Most of my time so far has been diving. I decided to go for my advanced open water certification, which means five dives in two and a half days. I walked into the Manta dive shop at one something in the afternoon my first day to ask about signing up, and was told yes there’s an advanced course starting, we’re leaving at 2:30 so go get your swimsuit. I’ve done two dives so far, 18-meter drift dive in the strong currents by a sea wall and one 30-meter (100-foot) dive this morning. So far there’ve been three moray eels three sea turtles, all sorts of gorgeous colorful fish, but no sharks. I took my underwater camera down this morning and came out with 120 shots of blue-gray fuzz. From those pictures you’d think there were only about three fish in the ocean, since that’s as many as you can make out from the blue. I swear I stuck the camera right in one eel’s face, but there’s no trace of him that I can see in the photos. (Vampire eel?) Oh well. Tonight is a night dive, which should be a lot of fun. I’m told the phosphorescence is amazing. (ETA: several more moray eels, a trumpetfish, an octopus, some mantis shrimp, a 6-foot long black-and-white striped sea snake about two feet below me, a cuttlefish, a school of gigantic bumphead parrotfish, and more other fish than I could hope to name. Still no sharks. Later pictures are a bit better, and will be up eventually.)
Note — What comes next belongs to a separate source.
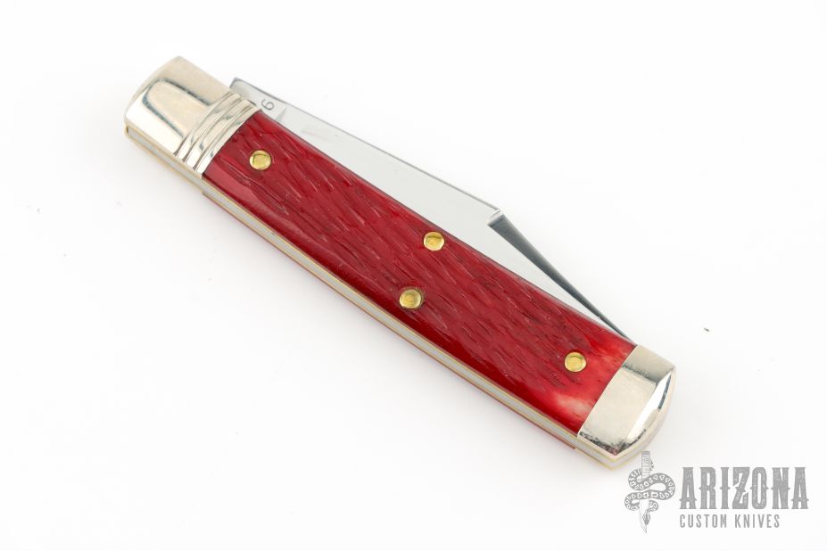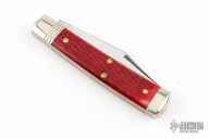 This slipjoint by Northfield Knives/Great Eastern Cutlery features a mirror finished blade with nail nick. The handle has nickel silver bolsters and butt, garnet jigged bone covers, brass liners, and a steel spring. Has half-stop. Comes with original tube. Excellent condition.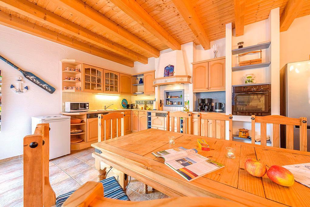 Parterre: Großes, gemütliches Wohnzimmer mit Kamin, großer Sitzgarnitur, Flachbild-TV, Stereoanlage. Großzügiger Küchen-/Essraum mit großem Esstisch, gut ausgestatteter Küchenzeile (Ceranfeld 4 Platten, Backofen, Mikrowelle, Tiefkühltruhe, Spülmaschine). Bad mit Du, Wb, WC. Separate Ferienwohnung mit eigenem Eingang: 2 Doppelzimmer mit jeweils 2 Einzelbetten. Kleine Küche mit Küchenzeile und Essbereich. Bad mit Du, Wb, WC.

So that’s where I am now. I expect my next two days will be mainly diving, napping, and relaxing on the beach, with maybe some snorkeling on the last day. I’ll post again if anything interesting happens, otherwise you’ll hear from me next week in Chiang Mai.

ETA: Last night here, finally made it to the internet café during open hours. Better late than never. No snorkeling, but lots of diving, walking, eating coconuts, and reading on the hammock in front of my bungalow. Life could be worse.